┌──

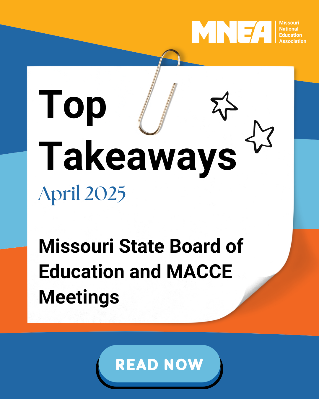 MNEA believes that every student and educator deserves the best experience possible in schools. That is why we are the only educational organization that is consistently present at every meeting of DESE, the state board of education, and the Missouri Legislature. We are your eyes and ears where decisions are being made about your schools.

└──
┌──

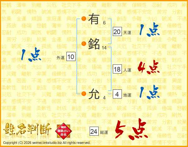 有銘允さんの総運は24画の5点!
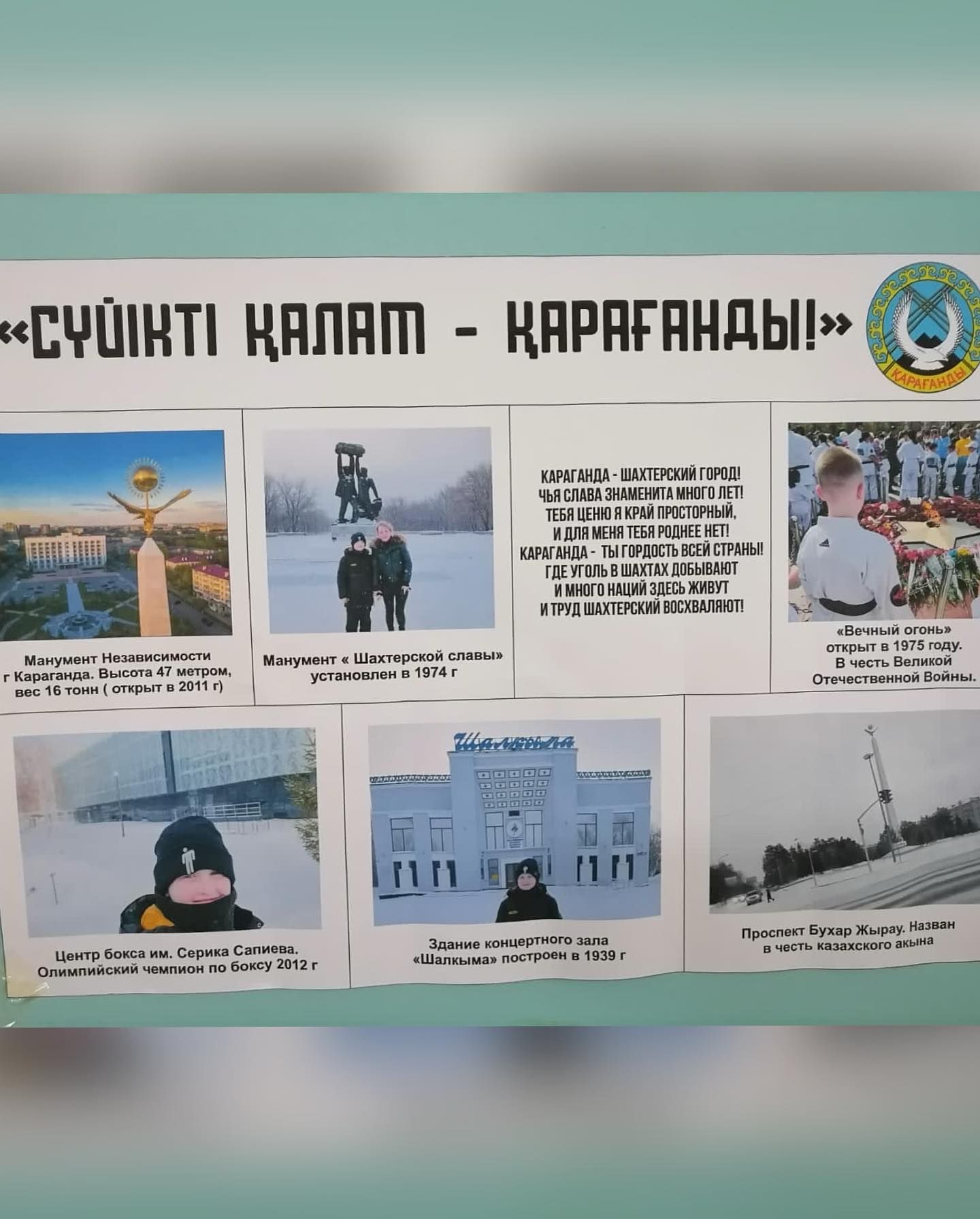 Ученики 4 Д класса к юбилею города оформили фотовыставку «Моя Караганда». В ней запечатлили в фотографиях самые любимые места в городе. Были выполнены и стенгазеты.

└──

● **Problem**: Everything from the line above that contains "有銘允さんの総運は24画の5点!" down to the line that contains "Ученики 4 Д" must be reproduced exactly, both ends included. Omit the pictures.

● **Answer space**:
 有銘允さんの総運は24画の5点!
 Ученики 4 Д класса к юбилею города оформили фотовыставку «Моя Караганда». В ней запечатлили в фотографиях самые любимые места в городе. Были выполнены и стенгазеты.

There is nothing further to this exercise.